A better question could be whether there are two qubits such that a simple composition is the state you can see there. A qubit state would look like $|\psi\rangle = a|0\rangle + b|1\rangle$. The simplest form of composition of systems is taking the tensor product, i.e. if you have a qubit for system A called $|\psi_A\rangle$ and a qubit for system B called $|\psi_B\rangle$, then the tensor product would be written $|\psi_A\rangle \otimes |\psi_B\rangle$.
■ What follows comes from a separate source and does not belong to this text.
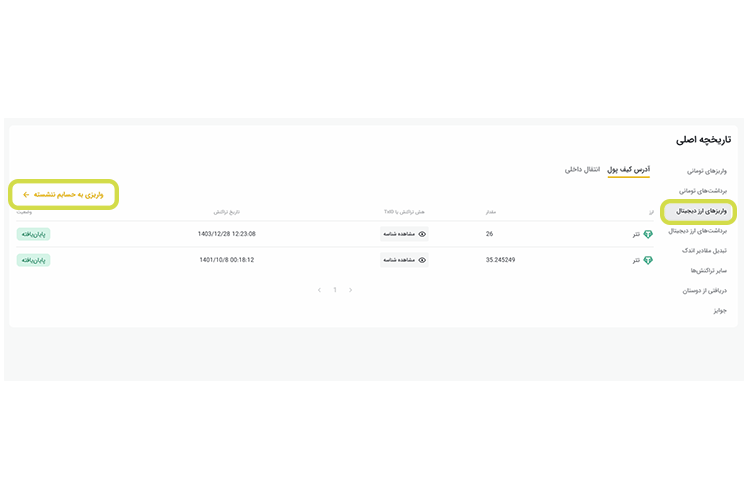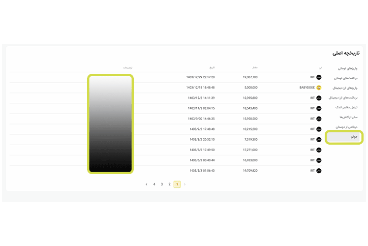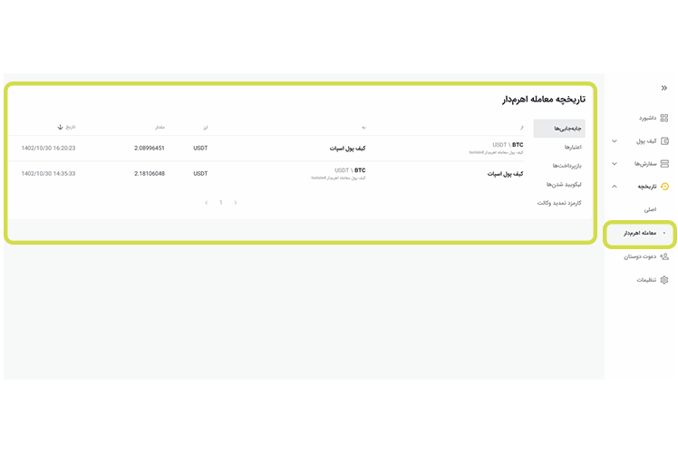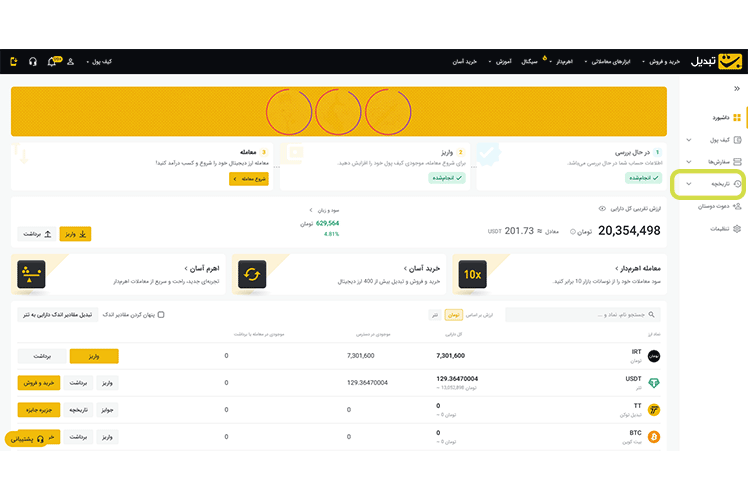 راهنمای بخش تاریخچه در صرافی تبدیل

You could ask whether you can write your state like that and the answer is no. Your state is written in a superposition of two such states (namely $|0_A\rangle \otimes |0_B\rangle$ and $|1_A\rangle \otimes |1_B\rangle$), but you cannot have a simple tensor product. The reason is that such states cannot have entanglement and your state has maximal entanglement. I won't go through the math, but it's not too difficult.

But how does this look like in practice? Well, the system could consist of two photons, one is on Alice's side and one is on Bob's side. The combined state of the two photons is given by your state $1/\sqrt{2} (|00\rangle +|11\rangle)$. How does the state look like on Alice's side or Bob's side? This is exactly what the partial trace is for: The state on Alice's side looks like the partial trace over Bob's system (you'll find that it is the maximally mixed state), and vice versa.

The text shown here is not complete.